Клубок перестал ворочаться и скулить, и откуда-то из его сердцевины вдруг раздался скрипучий голосок:
– Развяжи-и…
Я нагнулась и достала из ямы странное существо. Оно оказалось неожиданно легким – может, и впрямь состояло из корней или веток. Я никогда не слышала ни про что подобное. Вулх с сомнением засопел мне в ухо, когда я стала разматывать веревки.
Освобожденное мной существо я бы не назвала ни зверем, ни человеком. Больше всего оно напоминало корявый сучковатый пенек с узловатыми корнями, небольшим дуплом и парой кривых веток.
– Ты кто? – спросила я, не надеясь на ответ.
В пеньке вдруг прорезались две трещинки, а из них глянули блестящие черные глазки – словно ягоды паслена.
– Корнягой зовут, – натужно проскрипел пенек. – Спасибо, вызволила. Возьми – дорогу покажу.
– Чего ее показывать, – хмыкнула я. – Тропа сама ведет.
Лесная тварь шевельнула корнями и без дальнейших разговоров шмыгнула под куст. Тут только я спохватилась.
– Э, стой! Корняга!
Пенек нехотя высунулся из-за ветки, сверкнул на меня ягодками глаз.

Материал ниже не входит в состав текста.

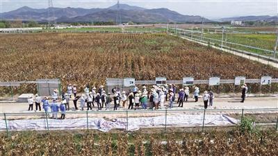 中国农科院作物科学研究所的生物育种实验基地中,一场新技术、新成果的观摩会在田间举行,吸引了很多专家和企业家观摩。 A10-11版图片/新京报记者 周怀宗 摄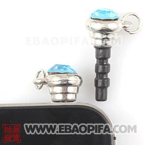 Wholesale Earphone Jack Plug Accessory With Cyan Crystal For Smart Phone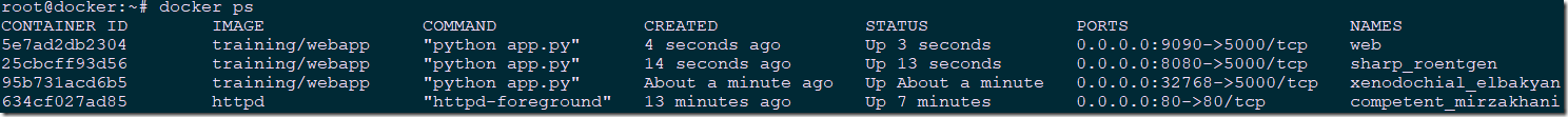 root@docker:~# docker run -d -p 9090:5000/tcp --name web training/webapp python app.py #使用--name标记可以为容器命名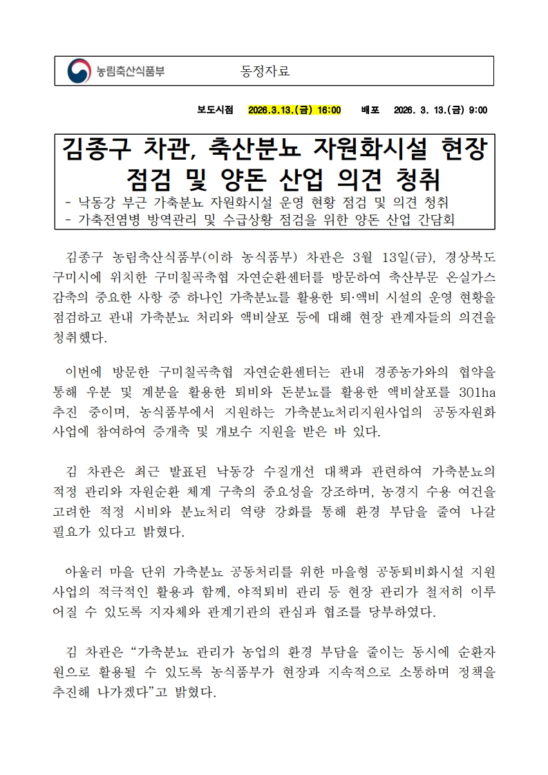 첨부파일 다운로드 (축산정책관-축산환경자원과) 김종구 차관 축산분뇨 자원화시설 현장 점검 및 양돈 산업 의견 청취 동정자료(3.13. 16시).pdf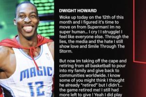 体育资讯03月13日讯 今日,2025年奈史密斯篮球名人堂成员、2004年NBA状元秀、2019-20赛季NBA总冠军&3届DPOY(2009、2010、2011年)&5届NBA一阵(2008-2012年)&4届最佳防守阵容一阵(2009-2012年)&8次入选全明星阵容8次(2007-2014年)、5次篮板王(2008、2009、2010、2012、2013年)、2次盖帽王(2009、2010年)德怀特·霍华德在自己的个人社媒发布长文宣布退役。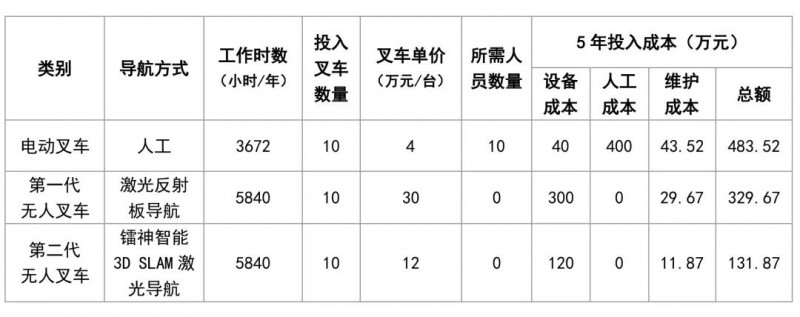 上表假定了某倉(cāng)庫(kù)分別投入10輛電動(dòng)叉車(chē)、激光反射板導(dǎo)航叉車(chē)、3D SLAM激光導(dǎo)航叉車(chē),并以5年折舊進(jìn)行投資回報(bào)對(duì)比分析。顯然,人工操作的電動(dòng)叉車(chē)投入成本最高,經(jīng)濟(jì)回報(bào)效益最低;激光反射板導(dǎo)航叉車(chē)雖然單臺(tái)叉車(chē)成本高,但在五年折舊期后總投入還是比人工的電動(dòng)叉車(chē)要節(jié)省了153.85萬(wàn)元,近32%的成本;而采用鐳神智能3D SLAM激光導(dǎo)航方案的無(wú)人叉車(chē),五年總投入成本僅131.87萬(wàn),比人工電動(dòng)叉車(chē)節(jié)省了73%的投入成本、59%的時(shí)間成本,而且五年期間倉(cāng)庫(kù)可以靈活進(jìn)行擴(kuò)建或調(diào)整,全面滿(mǎn)足工業(yè)互聯(lián)網(wǎng)時(shí)代下客戶(hù)終端市場(chǎng)隨時(shí)變化的需求,具有更突出的綜合效益!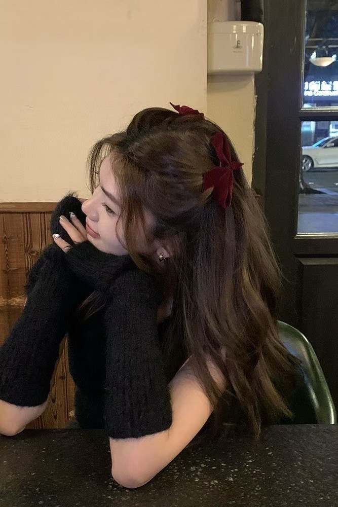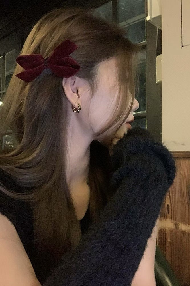 (預訂) 氣質絲絨蝴蝶結髮夾一對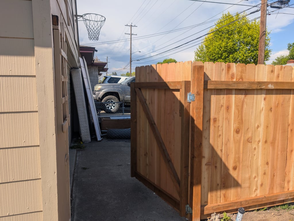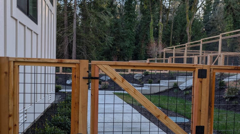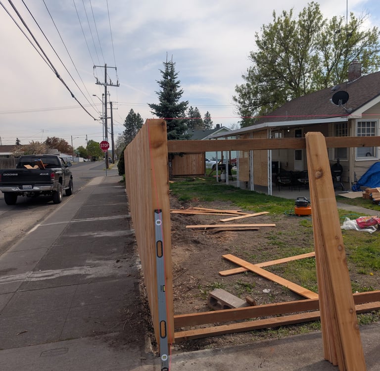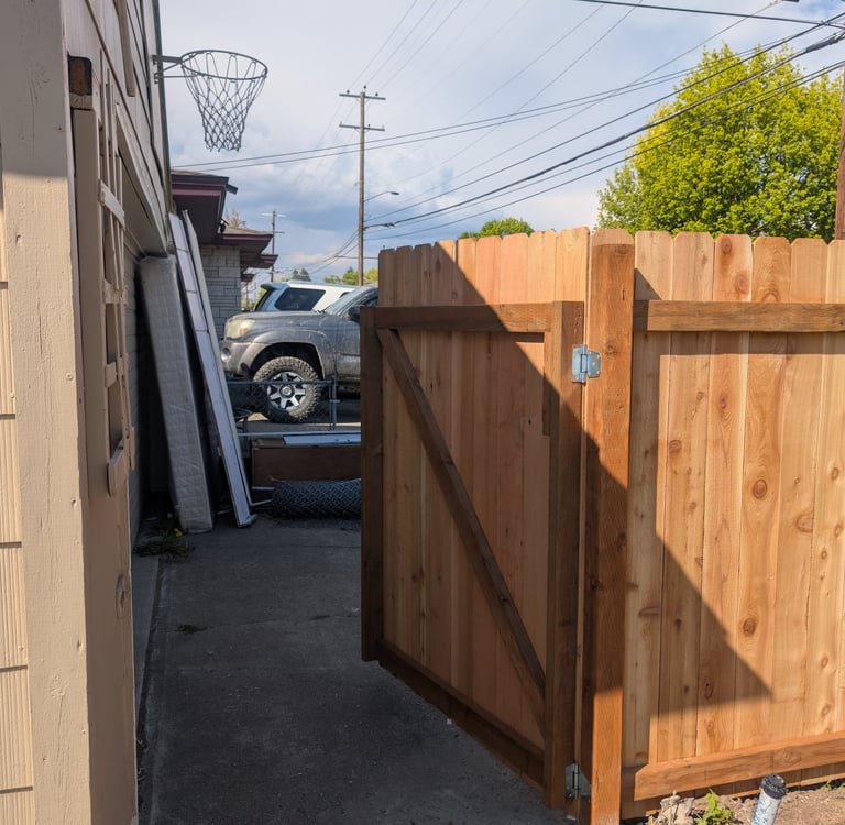 For a sound, robust and good looking fence, it all starts with plumb posts, level frame rails, and the proper amount of concrete to anchor the posts. all of these factors, when done right combine to make an extremely sturdy fence that will hold up to the Pacific Northwest's temperamental weather.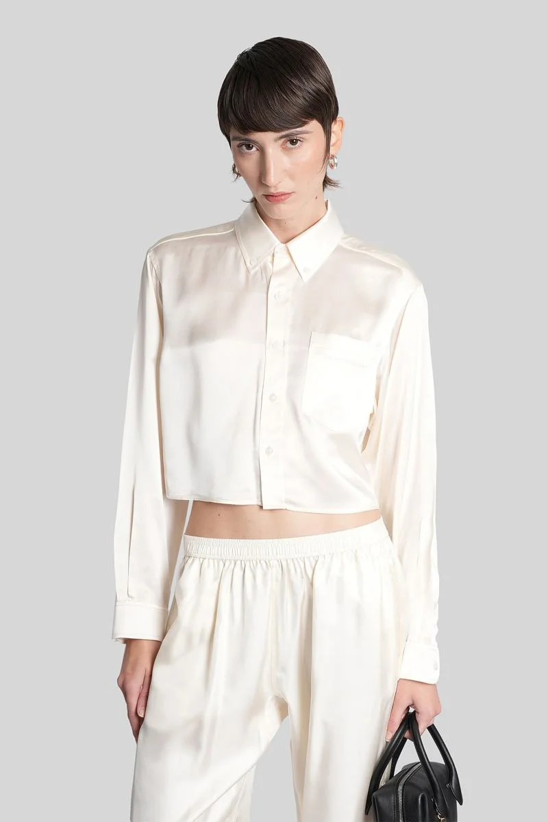 Shirt in beige silk, collar, frontal buttoning, long sleeves, front pocket, embroidery front logo, crop cut, 100% silk, Made in China Gender: Women Material: SILK Color: Beige Made in: Imported Product ID: 429389_4WC4251161 *Import tax/duty will be calculated at checkout (If applicable)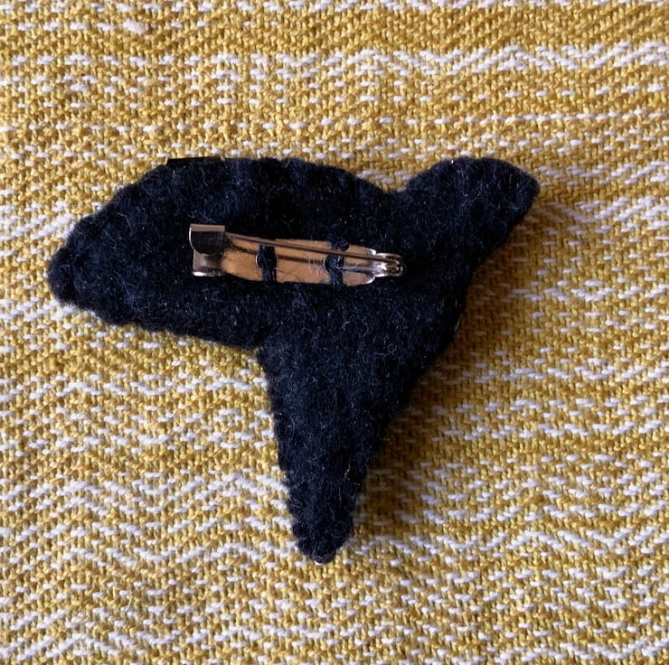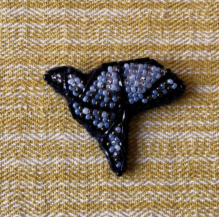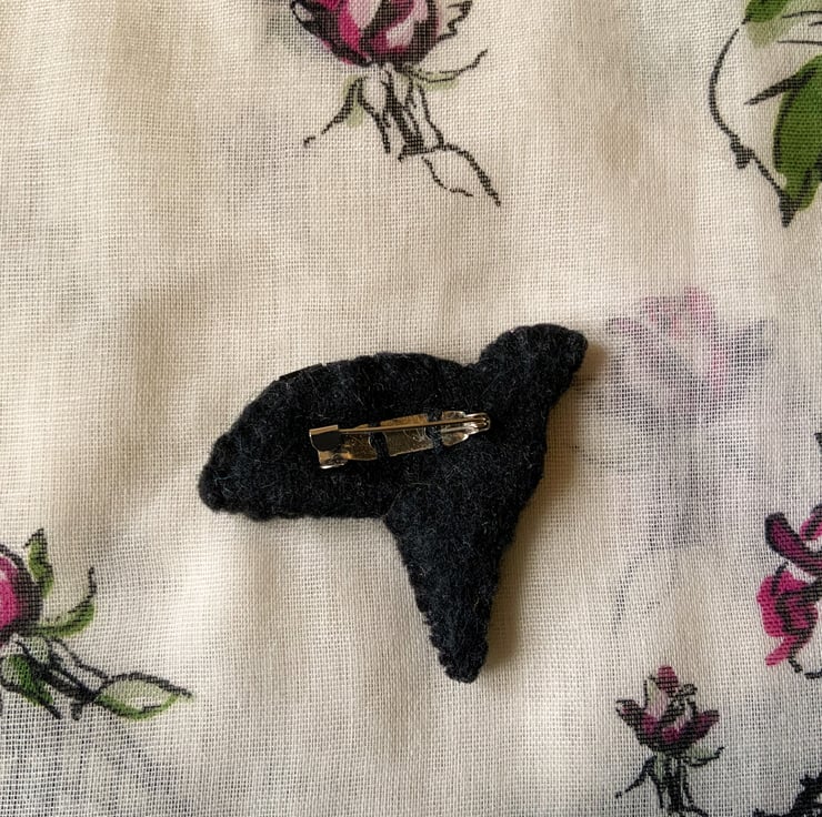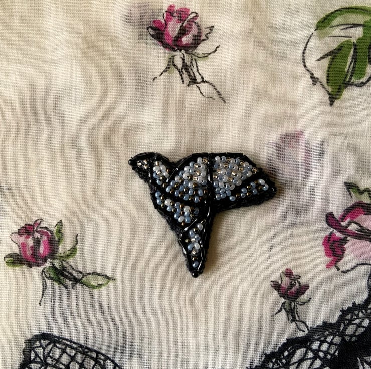 It is a small design which could be worn on a hat, scarf or to decorate a lovely dress. It would look great on a wool jacket or denim jacket.

– А в Каменный лес дорогу знаешь?
– Знаю, – скрипнул Корняга.
– Доведешь?
– Доведу.
Я ехала, низко пригнувшись к холке Ветра, чтобы жеребцу легче было выбирать дорогу среди ветвей, и мне было странно.
Корнягу мы подобрали как нельзя вовремя. Вскоре после того тропа резко свернула на юг, и дальше наш путь лежал через лес по бездорожью. Проводником Корняга оказался толковым. Он пристроился у меня на плече, вцепившись своими корнями в ремень сумки, и оттуда кратко сообщал: «слева родник» или «сверни, завал».
Странно мне было по двум причинам.
Во-первых, я ехала по незнакомому месту в достаточно странном товариществе. Вулх в магическом ошейнике, говорящий лесной пенек и вороной жеребец, который спокойно воспринимает и одного, и другого, – еще позавчера я бы фыркнула и не стала слушать, если бы мне попытались рассказать, что под Четтаном случается и такое.
Я глянула вперед, где в красноватом сумраке леса время от времени показывалась серая спина вулха. Серьезный зверь. То-то при нашем приближении все в лесу замирает. Лишь изредка шарахнется вверх по стволу испуганная белка – и снова тишина.
Хотя постороннему взгляду лес всегда кажется пустым. В лесу ничего не увидишь просто так, все нужно разыскивать, выслеживать – что зверя, что птицу, что затерянное жилье или тропу.
Здесь и крылась вторая причина, по которой мне было странно. Как-то все чересчур легко складывалось.
С первых же шагов встретить проводника, который доведет до У-Наринны… Ох не верю! Хотя… велел же старик ничему не удивляться? Магия, мол. Да какая тут магия? Договорился небось загодя с этим лесным чучелом обо всем – а мне не сказал, чтобы зорче по сторонам смотрела.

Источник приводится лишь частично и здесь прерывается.